▸ **What you will do**
Your task is to copy every line below that contains the word "Centre".

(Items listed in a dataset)

===============

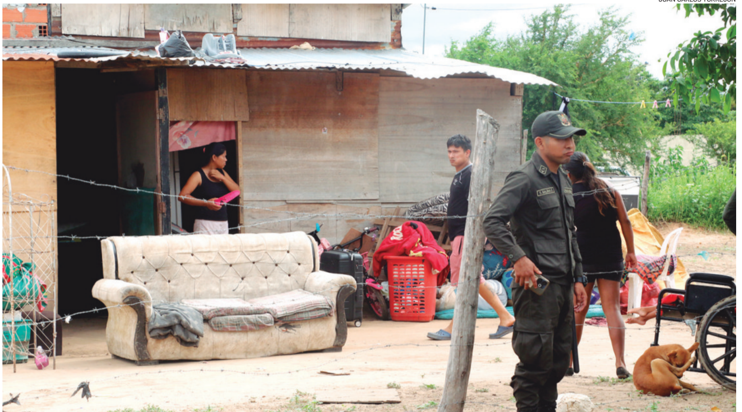
Una familia sacó sus muebles y enseres para irse a buscar dónde vivir. Los asentados aseguran que fueron víctimas de estafa por loteadores

Romero aseguró que se tiene un proyecto aprobado para la construcción de un complejo penitenciario para una cárcel productiva y el próximo paso será lanzar la licitación para iniciar las obras. Palmasola es la cárcel más po-
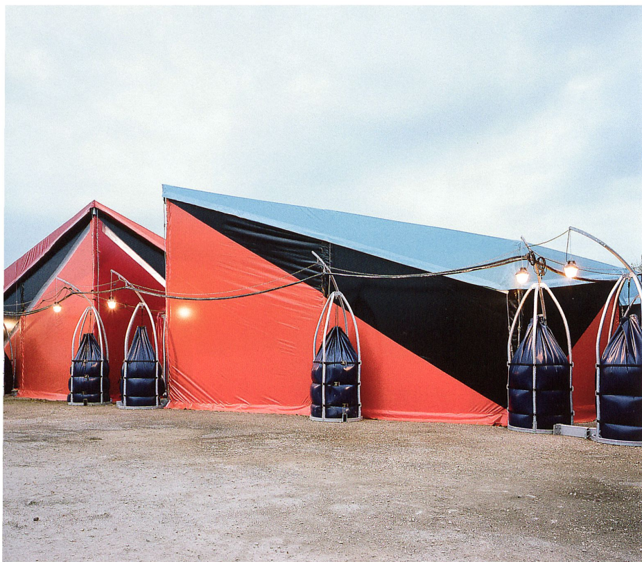
Das «Centre Pompidou mobile» von Patrick Bouchain mit Loïc Julienne landete bis zum Januar 2012 in Chaumont im ländlichen Nordosten Frankreichs.

hüllt, wie bei der Festhütte in Amriswil (vgl. wbu 5|2008) von Müller Sigrist Architekten. Beim «Centre Pompidou mobile» haben Patrick Bouchain und Loïc Julienne genau dieses Versprechen in eine Wanderausstellung in Zeltform umgemünzt. Die Ausstellung zeigt nur vierzehn Werke der Pariser Kulturmaschine, dafür sollten selbst Kleinstädte in den Genuss zeitgenössischer Kunst kommen. Die Nagelprobe dieser romantischen Idee – die Schwellen zur Kultur abzubauen – stellen die Nutzungsanforderungen wie Klimatisierung und Sicherheit dar. Sie lassen so manchen Kunst-Pavillon wie ein überdimensioniertes Lüftungsaggregat aussehen.
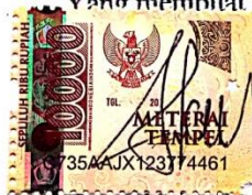
Zammi Mochammad Noer
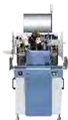
Автоматические установки микросварки
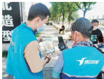
向新就业形态劳动者群体宣讲政策、指导入会
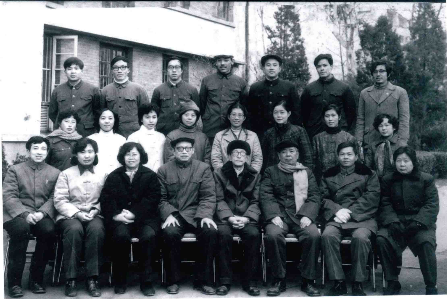
1985 年第三届全国中医耳鼻喉 科进修班结业留影
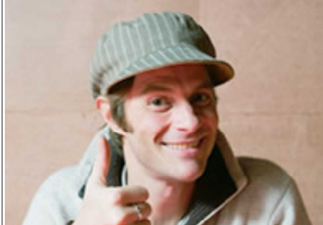
めいどサロン好きなセインカミュ

人間の細胞は使わなければ退化しますから、何もせずにいると頭はボケ、体力は落ちてしまいます。
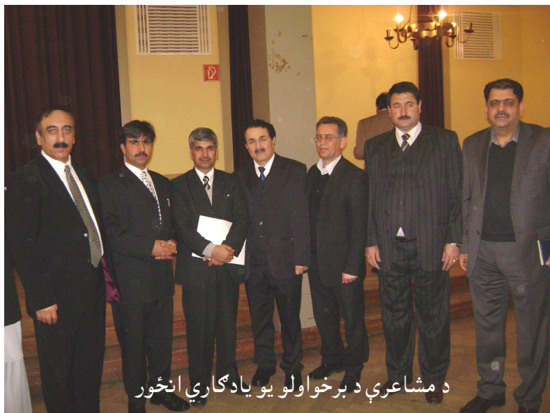
د مشاعرې د برخوالو یو یادگاري انځور

تکرار نه کړو. اوس افغانستان د گرمو ذهنونو او نظرونو د سپښت په مرحله کې دی، دا بېړۍ باید په ښه ډول خپله لاره ووهي او تردې وروسته د یو ایډیال نظام د جوړولو په فکر او لټه کې شو. دولت جوړونه او د هغه استحکام یوه اوږده پروسه ده، چې باید په دقت
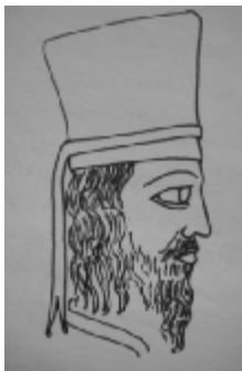
تصویر ۲. نقش بزرگزاده هخامنشی روی سکه (رحیمی، ۱۳۸۵: ۲۰۹)
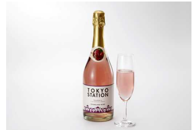
TOKYO STATION Weibel Raspberry Flavored California Sparkling Wine 1,500 円

泡をテーマにした新業態のドリンクの専門店。泡のドリンクやリカーを自由自在に組み合わせた、新しい「泡の楽しみ方」を提案いたします。常時数種類の泡のお酒を比較しながら楽しめるテイスティングコーナーも設けています。相性の良いおつまみやお菓子などもご用意、東京駅に新しいお気に入りの場所が見つかります。
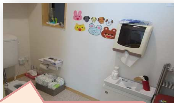
トイレは保育室の横にあるので 同線もばっちり！
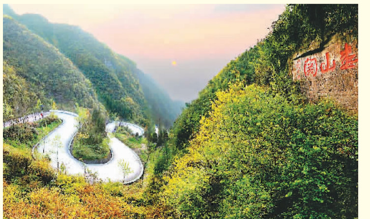
图为著名的茶马山关。
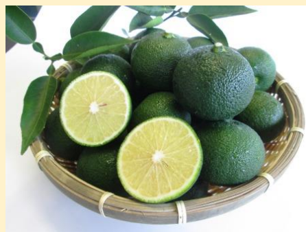
当市特産品「へべす」の差し入れ
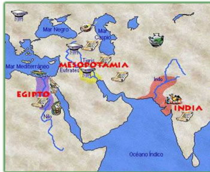
Mapa de Mesopotamia

Geográficamente, esta zona se encuentra dividida en dos: al norte, la alta Mesopotamia, de llanuras altas, montañosas y frías, donde se instalaron los asirios y acadios ; y al sur, la baja Mesopotamia, formada por llanuras fértiles de clima cálido que fueron habitadas por sumerios y babilónicos .
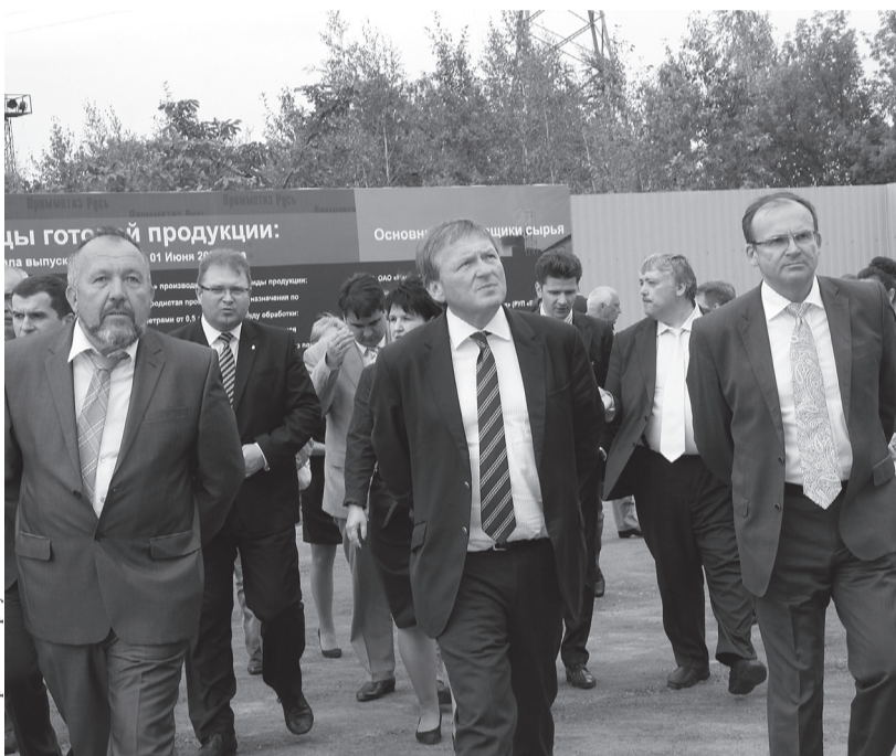
На производственной площадке ООО «Промметиз Русь»

Он выразил признательность правительству Орлов-
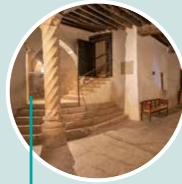
Cultura y gastronomía en Benissanó Restaurante Levante Castillo de Benissanó - Exdukere difusión cultural
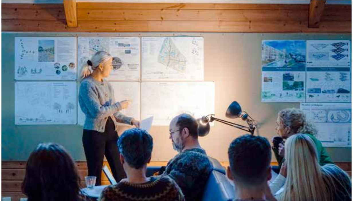
Nemendur í landslagsarkitektúr kynna verkefni um hönnun Skeifunnar fyrir samnemendum og kennurum.

tektúr, skipulagsfræðum eða öðrum skyldum greinum. Þeir nemendur sem fara í meistaranám í landslagsarkitektúr eiga möguleika að því framhaldsnámi loknu að fá réttindi sem landslagsarkitektar, sem er lögverndað starfsheiti á Íslandi.“
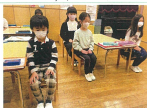
クラブタイム前の様子。 心を整える時間です。
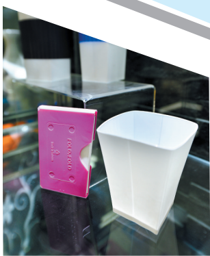
耐高温、可重复使用的折折杯
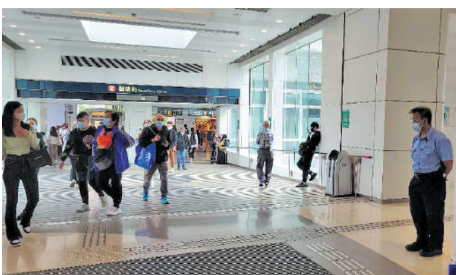
▲apm物管人員會驅趕在連接港鐵觀塘A出口行人天橋上擺賣的攤檔，但不會封橋，市民進出自如。
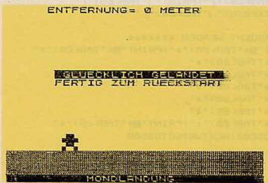
Bild 3. nach geglückter Landung beginnt der Countdown für die Rückkehr
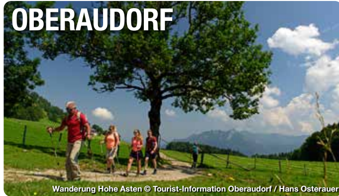
Wanderung Hohe Asten

Im bayerischen Inntal, eingebettet zwischen dem Wendelsteingebirge, dem Inn und dem bekannten Kaisergebirge, nahe dem Chiemgau und der bayerischen Landeshauptstadt München, liegt die idyllische Urlaubsdestination Oberaudorf. Hier findet sich alles, was man für naturnahe Erholung braucht – und das in allen vier Jahreszeiten: sanfte Hügel, abwechslungsreiche Bergwelten, traumhafte Seen, vielzählige Wander- und Fahrradwege, Ski- und Rodelpisten, Langlaufloipen und ein besonderes Highlight für Familien – der Erlebnisberg Oberaudorf-Hoheck. Mit guter Infrastruktur und einem breiten Erholungs-, Freizeit- und Kulturangebot, bietet die Destination darüber hinaus zahlreiche Möglichkeiten zur Urlaubsgestaltung. TreffpunktDeutschland.de/oberaudorf
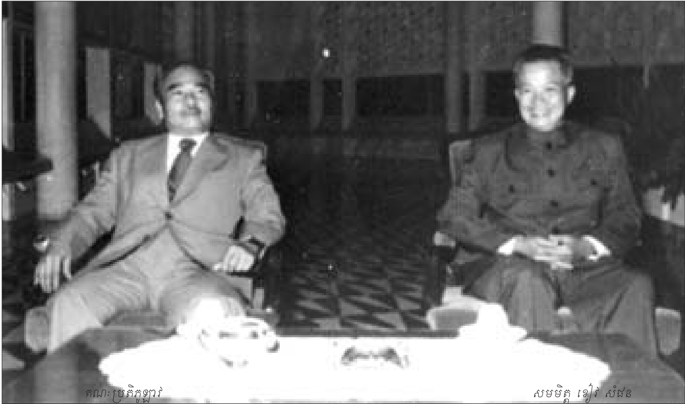
គណៈប្រតិភូឡាវ

ក្រៅពីការងារបកប្រែ ខ្ញុំប្រជុំជាមួយអភិបាលក្រុងប៉ៃលិន ហ៊ុន ទេន លោក ម៉ា ឡៅពី លោក ស៊ីម ដីម៉េង និងនាយទាហាននាយទាហានរង ពលទាហាន គ្រួសារយុទ្ធជន ដើម្បីសរសេរសំណើសុំឱ្យទុក្ខមស្នងការជនភៀសខ្លួនមេត្តាជួយសុំសិទ្ធិជ្រកកោននៅប្រទេសទីបី។ ៦ ខែក្រោយមក អ្នកនៅក្នុងជំរំទាហានរបស់យើងត្រូវបានអនុញ្ញាតឱ្យចេញទៅប្រទេសទី៣មុន ៦ ជំរំជនភៀសខ្លួនស៊ីវិលចេញទៅក្រោយជាដំណាក់កាលៗ។ មុនថ្ងៃចេញដំណើរទៅប្រទេសទី៣ ខ្ញុំដេកមិនលក់អន្ទះអន្ទែនរិលរវល់ក្នុងចិត្ត ណាមួយព្រាត់ទឹកមួយបងប្អូនញាតិសន្តានពុំបានទៅជាមួយ។ ទីបំផុត ខ្ញុំជម្រាបលោកអភិបាលក្រុងប៉ៃលិនថា “ខ្ញុំបាទសម្រេចមិនទៅប្រទេសទី៣ទេ មូលហេតុនឹកទឹកមួយបងប្អូន ប្រសិនបើខ្ញុំនៅប្រទេសថៃឬឡាវ ថ្ងៃណាមួយប្រទេសជាតិមានសន្តិភាពពេញបរិបូណ៌នឹងអាចរិលចូលក្នុងស្រុកខ្មែរវិញ”។ ថ្ងៃទី២៨ ខែវិច្ឆិកា ឆ្នាំ១៩៧៥ ខ្ញុំចាកចេញពីជំរំថៃធ្វើ
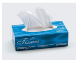
2 boîtes de 150 mouchoirs en papier
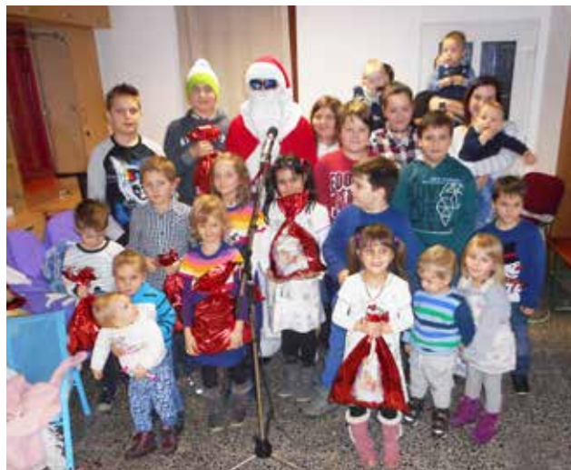
Božič 2016 v Martinju
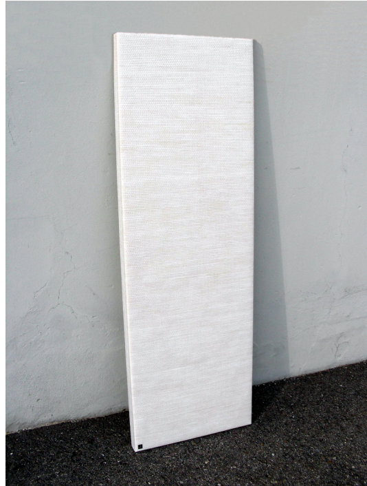
Leicht und einfach in der Montage
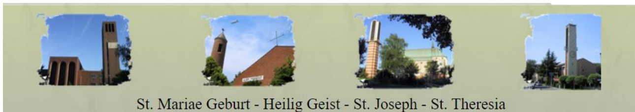
St. Mariae Geburt - Heilig Geist - St. Joseph - St. Theresia
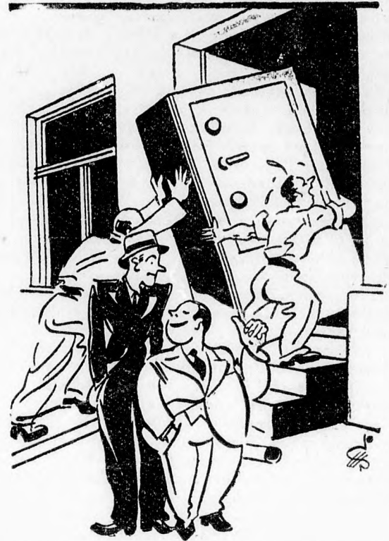
Már meg is vásároltam a pénzszekrényt, hogy legyen, hová tennem a milliókat, amelyeket holnap az Állami Sorsjáték huzásán nyerni fogok.
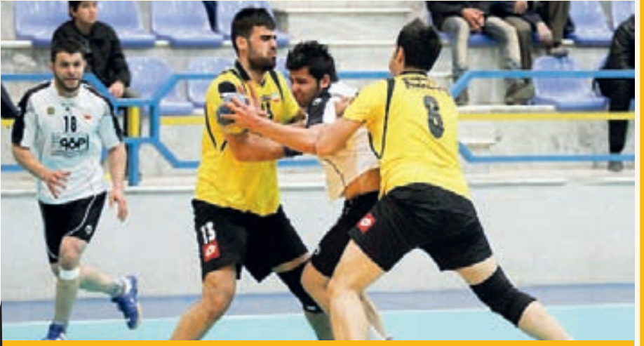
زور رسانه‌ها و جامعه ورزش به سیاهانی‌ها نرسید؛

بحث تیم هندبال سیاهان تنها مسأله مربوط به یک رشته باشگاهی نیست و هندبال اصفهانی را در بر می‌گیرد که سال‌ها تغذیه‌کننده هندبال ملی ایران بود و مقاله نقره بازی‌های آسیایی را در بر می‌گرفت و از این رو انتظار می‌رود شخص مدیر کل به عنوان متولی فعلی ورزش اصفهان با درک موقعیت پیش‌رو، هر آنچه در توان دارد برای تیم هندبال سیاهان به انجام برساند زیرا چنین توقعی از مدیر کل وجود دارد.
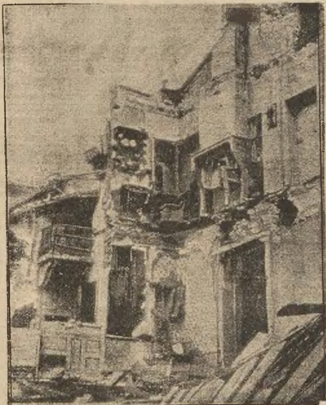
(xy) Jeden z domów przy ulicy Tramassac, zniszczonych w czasie strasznej katastrofy w Lyonie.
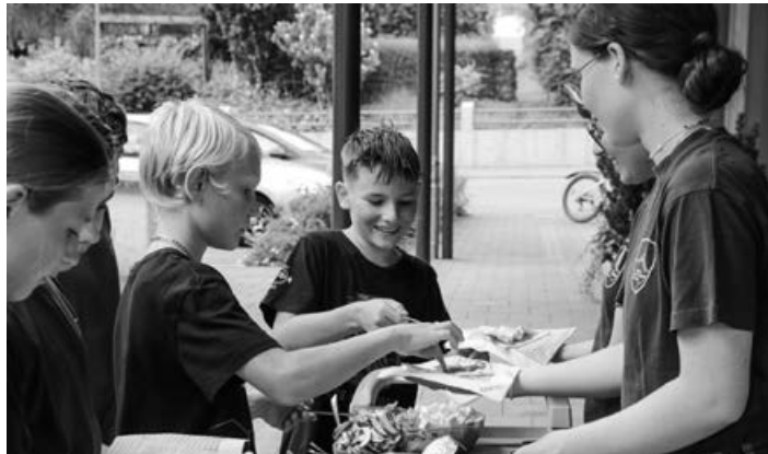
Beim Ameisli- und Jungschar-Schnuppernachmittag gibt es Pizza aus dem selbstgebauten Dosen-Ofen.
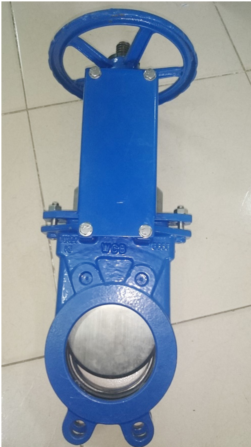
MỘT SỐ LOẠI VAN CỔNG ĐẠO TƯƠNG TỰ
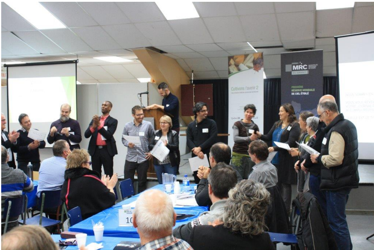
Lieu : Lambton, le 12 décembre 2017

Lac-Mégantic, le 19 décembre 2017 - Le 12 décembre 2017 avait lieu le Forum dans la cadre de l'élaboration du PDZA de la MRC du Granit. Plus de 100 personnes y ont assisté provenant de tous les secteurs. Les élus des 20 municipalités ont eu la chance d'échanger avec les différents
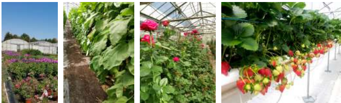
Photos 1 et 4 de gâd : pépinière de rosiers paysagers, aubergine en AB, rose fleur coupée et fraisier en hors-sol

Depuis 2020, le projet a été conduit simultanément sur les quatre agro-systèmes suivants : rosier paysager, aubergine en AB, rose fleur coupée et fraisier en hors-sol (photos 1 à 4).
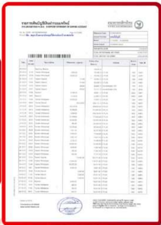
ตัวอย่าง Bank Statement ที่ผู้สมัครต้องขอจากธนาคาร

3.4 ปรับสมุดบัญชีธนาคารตัวจริง และเตรียมไปในวันที่ยื่นวีซ่า
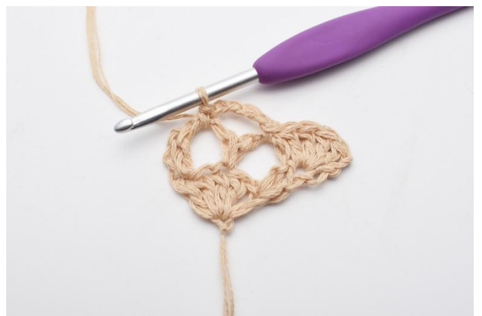
8. virkas 1 fm.

===============

▸ **Reply**
Das «Centre Pompidou mobile» von Patrick Bouchain mit Loïc Julienne landete bis zum Januar 2012 in Chaumont im ländlichen Nordosten Frankreichs.
hüllt, wie bei der Festhütte in Amriswil (vgl. wbu 5|2008) von Müller Sigrist Architekten. Beim «Centre Pompidou mobile» haben Patrick Bouchain und Loïc Julienne genau dieses Versprechen in eine Wanderausstellung in Zeltform umgemünzt. Die Ausstellung zeigt nur vierzehn Werke der Pariser Kulturmaschine, dafür sollten selbst Kleinstädte in den Genuss zeitgenössischer Kunst kommen. Die Nagelprobe dieser romantischen Idee – die Schwellen zur Kultur abzubauen – stellen die Nutzungsanforderungen wie Klimatisierung und Sicherheit dar. Sie lassen so manchen Kunst-Pavillon wie ein überdimensioniertes Lüftungsaggregat aussehen.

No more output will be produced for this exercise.